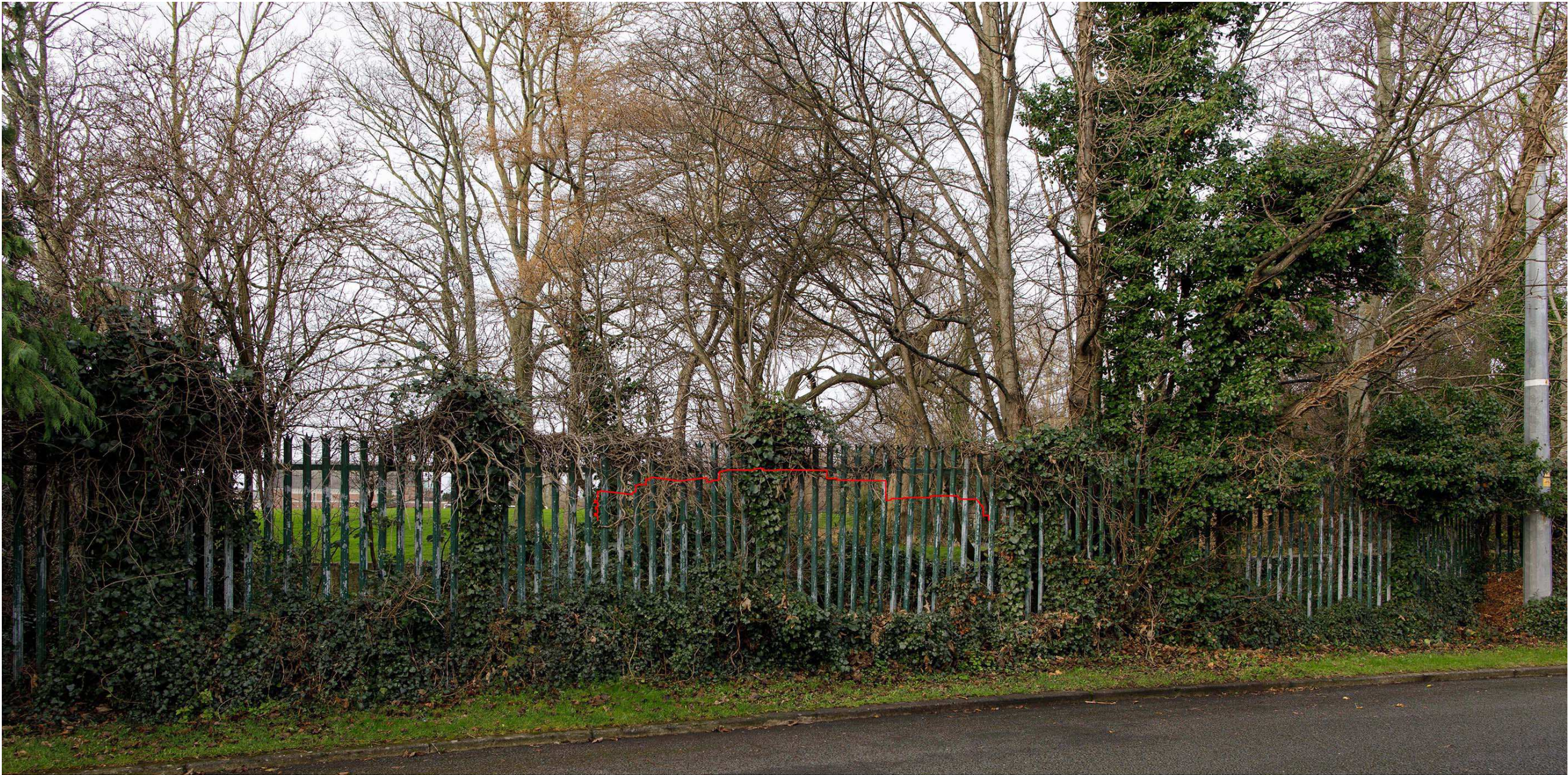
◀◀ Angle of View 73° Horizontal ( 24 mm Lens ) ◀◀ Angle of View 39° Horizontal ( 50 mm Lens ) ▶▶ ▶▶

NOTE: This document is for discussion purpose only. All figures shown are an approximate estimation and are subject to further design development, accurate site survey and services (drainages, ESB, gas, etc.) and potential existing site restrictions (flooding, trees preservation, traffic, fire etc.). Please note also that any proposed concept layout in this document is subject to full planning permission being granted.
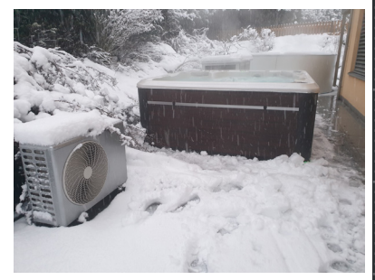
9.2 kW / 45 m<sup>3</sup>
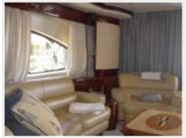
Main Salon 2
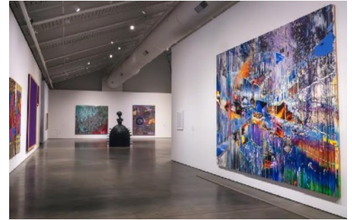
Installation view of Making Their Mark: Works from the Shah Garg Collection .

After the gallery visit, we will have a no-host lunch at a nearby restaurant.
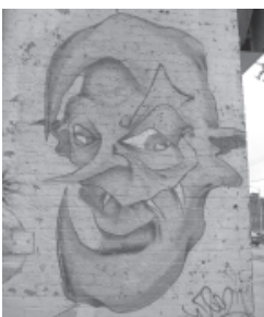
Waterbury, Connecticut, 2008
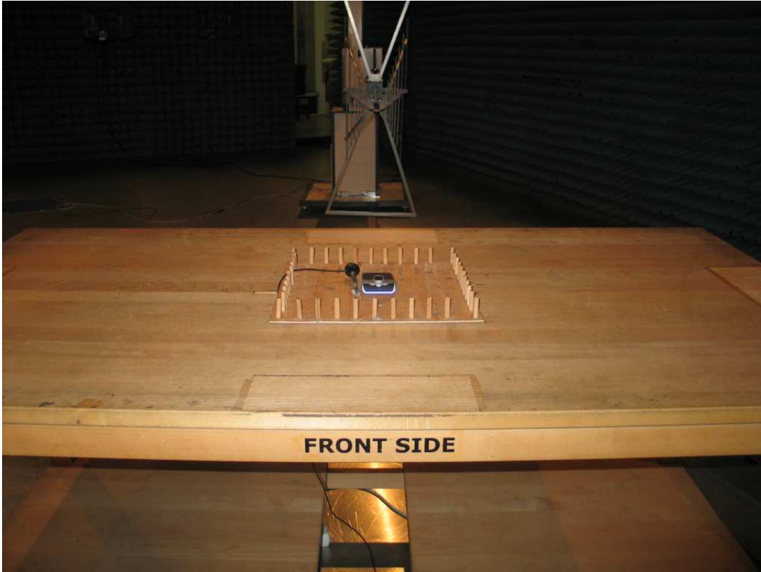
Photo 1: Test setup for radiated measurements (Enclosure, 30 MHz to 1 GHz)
========
[Problem statement]
The data must come back word for word, with every picture removed.

[Result]
◀◀ Angle of View 73° Horizontal ( 24 mm Lens ) ◀◀ Angle of View 39° Horizontal ( 50 mm Lens ) ▶▶ ▶▶

NOTE: This document is for discussion purpose only. All figures shown are an approximate estimation and are subject to further design development, accurate site survey and services (drainages, ESB, gas, etc.) and potential existing site restrictions (flooding, trees preservation, traffic, fire etc.). Please note also that any proposed concept layout in this document is subject to full planning permission being granted.
9.2 kW / 45 m<sup>3</sup>
Main Salon 2
Installation view of Making Their Mark: Works from the Shah Garg Collection .

After the gallery visit, we will have a no-host lunch at a nearby restaurant.
Waterbury, Connecticut, 2008
Photo 1: Test setup for radiated measurements (Enclosure, 30 MHz to 1 GHz)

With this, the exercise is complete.